> "you can even more easily get it to say that it doesn’t have personal opinions and yet express them anyway. So which is it? It’s clear transformers can’t understand either case. They’re not architecturally designed to."
Although LLMs are essentially bullshitters, this particular problem related to expressing personal opinions is due to the ad-hoc lobotomization measures by OpenAI, not because of any architectural limitations of transformers.
The recent GPTs provided by OpenAI (every model more recent than code-davinci-002) are trained in at least two stages. The first stage (the pre-training) trains the raw base model to minimize perplexity. This raw model is kept secret because it will autocomplete sentences without any regard to decorum so if you say "adolf" then it will obviously complete it like "adolf hitler" which no billion dollar company wants.
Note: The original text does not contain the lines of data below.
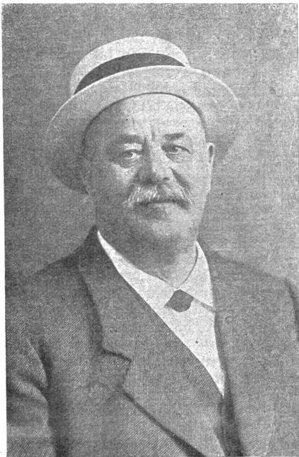
† Fritz Wüthrich-Bärtschi

In Langnau wurde am Neujahrstage um die Mittagszeit ein Meteor beobachtet, das einer silbernen Kugel gleich, über den Wald und über den Bösacker flog und über Mittel-Altenei erlosch. Das gleiche Phänomen wurde übrigens auch über Interlaken beobachtet, wo es die Farbe eines elektrischen Glühlichtes hatte.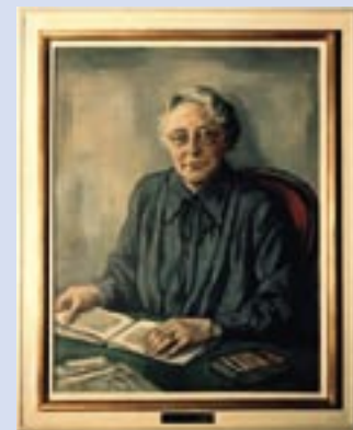
Gemälde von Heinrich Heuser in der Ehrenbürgergalerie im Abgeordnetenhaus von Berlin

Auch Sie sind gefragt, Vorschläge zur Nominierung herausragender Persönlichkeiten oder Institutionen einzureichen. Dem Vorschlag ist eine ausführliche Begründung sowie eine Biografie der vorgeschlagenen Person bzw. eine Beschreibung der vorgeschlagenen Institution beizufügen.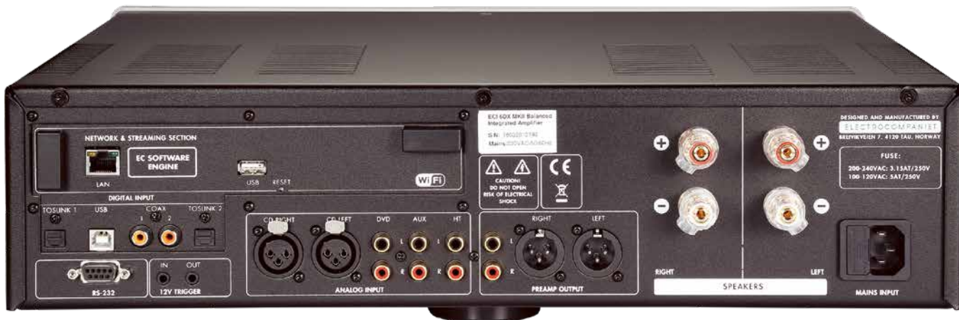
Kontaktfreudig: Der ECI 6 DX MKII bietet Vor-/Endverstärker, DAC und Streamer in einem und lässt sich unsymmetrisch wie symmetrisch verkabeln.

Der Netzwerk-Player ist praktisch neu und auf den aktuellen Stand gebracht. Im

This raw model is where all the cognitive power is, and access to this raw model is the holy grail of every discerning LLM enjoyer. To lobotomize the GPT and to make it answer questions in ways that don't require framing them in an autocomplete way, OpenAI adds an "RLHF" training step. This is "reinforcement learning with human feedback" where they train the GPT to answer questions in certain ways. This dumbs down the AI, but it also makes it friendlier for normies to use. Finally, they put secret pre-prompts which might also cause it to give confusing answers in even more ways.
TLDR: LLMs are inherently bullshitters, but the "doesn’t have personal opinions and yet express them anyway" is some extra bullshit that OpenAI did so that NYT doesn't write mean articles about them
To be honest– I think this is the safest way to do it for a public LLM. Although I'd also love to see and use the raw models.
In Belgium someone committed suicide after Google's (I believe) LLM agreed that that was the only way out of his own problems. Didn't build safety into it well enough. Microsoft's one behaved unhinged in the beginning as well.
This is an absurd moral panic. If someone mentally ill read a book that made them believe suicide was the correct option, would you support a censoring process for all books?
Nothing that OpenAI et al. do to their models is remotely close to "lobotomization". There is no frontal lobe in an LLM, as the rest of your explanation essentially acknowledges. The reason why "adolf hitler" is the "obvious completion" for "adolf" is because "adolf" is most often written followed by "hitler", not because the people who write "adolf hitler" have an opinion about adolf hitler (they may indeed have one, but it has essentially no impact on the statistical placement of "adolf" and "hitler").OpenAI is not removing a personal opinion by shaping its answering style to avoid this (were they to do this): LLMs have no personal opinions, period.
If they emit symbols that seem like personal opinions, that's because they are designed to emit symbols that are very similar to those that humans, who do have personal opinions, would emit.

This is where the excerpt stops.